3. Exercícios de faixa de resistência para pernas
Movimento 1: Agachamento com banda de resistência
Agachamento é quase perfeito como um exercício para a parte inferior do corpo. Se você está apenas começando, trabalhe na forma de agachamento sem nenhuma resistência extra. Quando estiver pronto para um desafio maior, é hora de adicionar as faixas de resistência.
- Fique em pé com os pés um pouco mais afastados do que a largura do quadril e prenda a seção do meio da faixa de resistência firmemente sob os dois pés.
- Segure uma extremidade da banda de resistência em cada mão. Estenda as mãos diretamente para os lados.
- Afunde-se em um agachamento - pense nos quadris para trás, peito para cima, costas planas - e ajuste sua aderência na banda até que haja uma leve tensão na posição "para baixo".
- Levante-se contra a resistência da banda e afunde novamente na posição "abaixada" para completar uma repetição.
Mover 1: Lunges de banda estática
Nem toda variação de estocada funciona bem para bandas de resistência elástica, mas os pulmões estáticos podem ser eficazes e têm como alvo todos os músculos da parte inferior do corpo. Dito isso, você deve praticar a forma de lançar-se sem faixas de resistência primeiro e adicionar apenas as faixas de resistência quando estiver confiante com a sua forma e pronto para o desafio extra.

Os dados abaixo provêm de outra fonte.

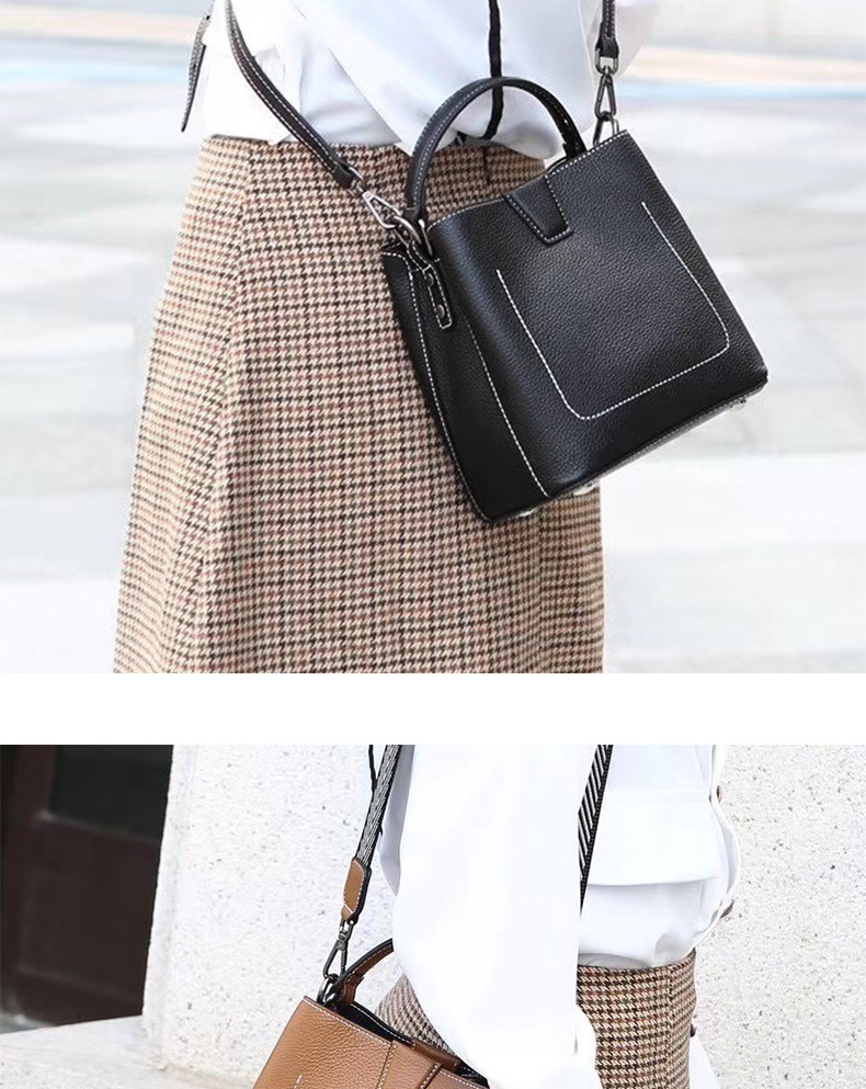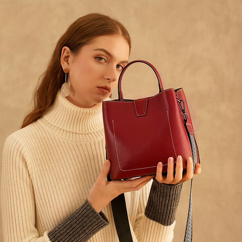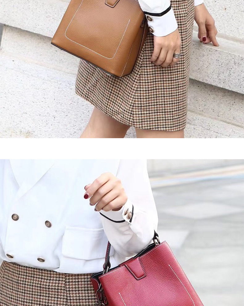 Túi xách tay dáng thùng cổ điển, được làm từ chất liệu da bò mềm mại và bền bỉ. Thiết kế này kết hợp phong cách đơn giản với nét đẹp hoài cổ, tạo điểm nhấn thanh lịch. Bạn có thể dễ dàng mang trên tay, khoác v hoặc đeo chéo người một cách thoải mái cho nhiều dịp khác nhau. Ngăn chứa rộng rãi bên trong giúp đựng vừa các vật dụng cá nhân cần thiết hàng ngày một cách gọn gàng. | Tên sản phẩm: Túi Xách Nữ Chất Liệu Da Bò Phong Cách Âu Mỹ - Túi Ví Nữ | Mã sản phẩm: A4103 - Giá: 1.120.000đ | Mã nhà sản xuất: GUDAT-G04Hình ảnh sản phẩm
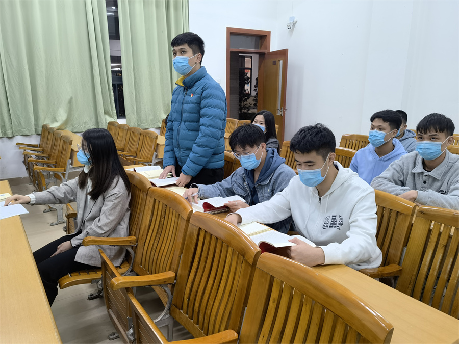 课上,胡富铭从党的十九届六中全会决议内容方面进行授课,着重从“赶考精神”方面进行讲述。他举例说明,传承赶考精神,需坚持不忘初心和不断改革创新。正如新冠疫情爆发时,习近平总书记作出的“人民群众的生命健康高于一切”的重要指示,各级党员干部以身作则,冲在抗疫一线,不惧病毒风险,用生命捍卫人民的利益,用实际行动向人民保证,为人民服务,始终是我党不变的初心;在刚刚完成的脱贫攻坚任务中,“互联网脱贫”正体现了各级政府的改革创新。胡富铭在讲课中指出,作为新时代青年,一定要牢记初心使命,增强忧患意识,始终保持赶考的清醒和坚定,以一往无前的奋斗姿态和风雨无阻的精神状态,顽强拼搏、不懈奋斗,继续考出一个好成绩,不断展现新气象新作为,向人民、向历史交出一份更加优异的答卷。

- Segure uma extremidade da banda de resistência em cada mão e prenda com firmeza o ponto médio da banda ao chão com um pé.
- Recue com a perna livre e dobre os dois joelhos para abaixar a posição de estocada.

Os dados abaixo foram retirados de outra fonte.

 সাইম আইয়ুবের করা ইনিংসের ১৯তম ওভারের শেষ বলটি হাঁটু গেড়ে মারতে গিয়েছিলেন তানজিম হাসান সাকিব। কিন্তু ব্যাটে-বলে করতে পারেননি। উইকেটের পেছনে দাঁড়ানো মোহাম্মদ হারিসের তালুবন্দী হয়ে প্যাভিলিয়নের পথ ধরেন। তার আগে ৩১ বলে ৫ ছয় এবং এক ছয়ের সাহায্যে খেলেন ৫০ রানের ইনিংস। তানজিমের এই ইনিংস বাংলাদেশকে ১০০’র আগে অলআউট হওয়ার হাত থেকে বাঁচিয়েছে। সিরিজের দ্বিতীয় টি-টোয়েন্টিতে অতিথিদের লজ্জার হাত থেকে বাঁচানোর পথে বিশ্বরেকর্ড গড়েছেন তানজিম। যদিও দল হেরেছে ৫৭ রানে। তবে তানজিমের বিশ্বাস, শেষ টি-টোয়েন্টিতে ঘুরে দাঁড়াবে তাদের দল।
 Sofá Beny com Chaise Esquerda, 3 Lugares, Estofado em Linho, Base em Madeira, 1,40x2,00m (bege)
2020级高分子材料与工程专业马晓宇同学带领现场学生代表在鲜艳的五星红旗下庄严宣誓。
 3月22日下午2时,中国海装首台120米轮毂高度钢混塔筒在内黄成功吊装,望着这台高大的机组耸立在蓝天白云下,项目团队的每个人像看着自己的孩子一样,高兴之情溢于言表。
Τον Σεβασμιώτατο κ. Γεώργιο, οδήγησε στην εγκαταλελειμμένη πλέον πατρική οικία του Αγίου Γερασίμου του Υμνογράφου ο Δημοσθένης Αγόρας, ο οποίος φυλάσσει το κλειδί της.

- Verifique sua forma: seu joelho traseiro deve estar embaixo dos quadris e o joelho da frente deve estar sobre os dedos, não se projetando para frente além deles.
- Dobre os cotovelos e levante as mãos em direção aos ombros. Ajuste sua aderência na faixa de resistência até que haja uma leve tensão nessa posição, que é a posição "abaixada" de sua estocada.
- Empurre com as duas pernas para ficar em pé novamente, elevando o pé traseiro para encontrar o outro pé. Mantenha os cotovelos dobrados e as mãos na frente dos ombros para manter a tensão na faixa.
- Dê um passo para trás com a mesma perna e dobre os dois joelhos novamente, abaixando-se de novo na estocada para completar uma repetição.
Como sempre, quando você estiver fazendo um exercício unilateral como este, lembre-se de trocar as pernas e fazer um conjunto completo do outro lado também.